I never stated 1 TB of RAM, I stated:
With (1 / 2 / 3 / 4) GiB DRAM Packages in production
That means only 1 package of DRAM on the HDD or SSD for the Drive controller, and use the largest single package available.


Just because they slap bigger chips on the drives due to those being the smallest economically obtainable doesn't mean they put any effort in using it in any meaningful way. You can use a 1GB chip but leave your firmware coded to only use 80MB of it.

There isn't much point in having larger on-drive write caches when all they do is make the OS wait that much longer for flush commands to complete.
Well, if that's the attitude, than that royally sucks for those who want a larger cache.

The point is to act as a buffer for large File Writes that might happen in the modern day.

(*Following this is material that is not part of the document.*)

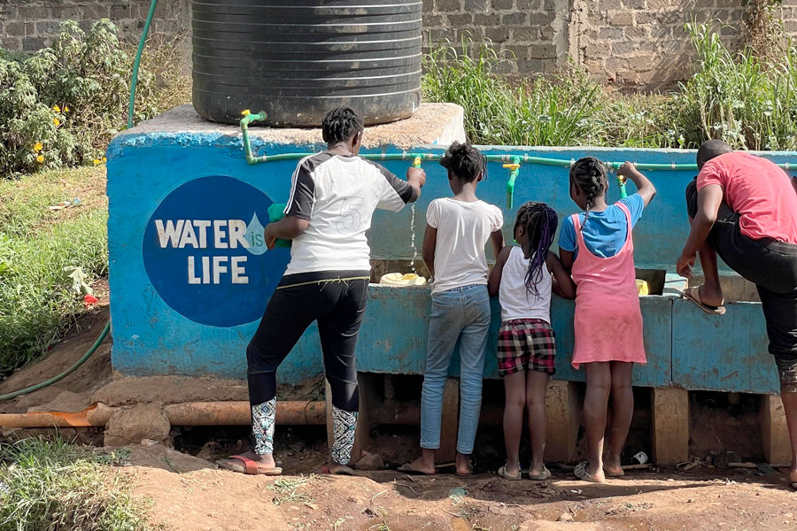 This initiative was sparked by Corina Weikl, a well-known New York tattoo artist and WATERisLIFE board member, who led a fundraising effort with fellow NYC artists. As part of our Gratitude Trips program, they traveled to Kibera and painted a mural with local artists, bringing color and cultural pride to the space.

Files larger than 1 GiB are somewhat common in this day and age, especially multiple files in aggregate.

Having that extra DRAM space to act as a cache is very nice, especially for smaller files that are smaller than the maximum DRAM size. You can make Writes to that drive function at DRAM speed until it hits the buffer limit before it has to slow down while the drive writes down the data in the DRAM cache.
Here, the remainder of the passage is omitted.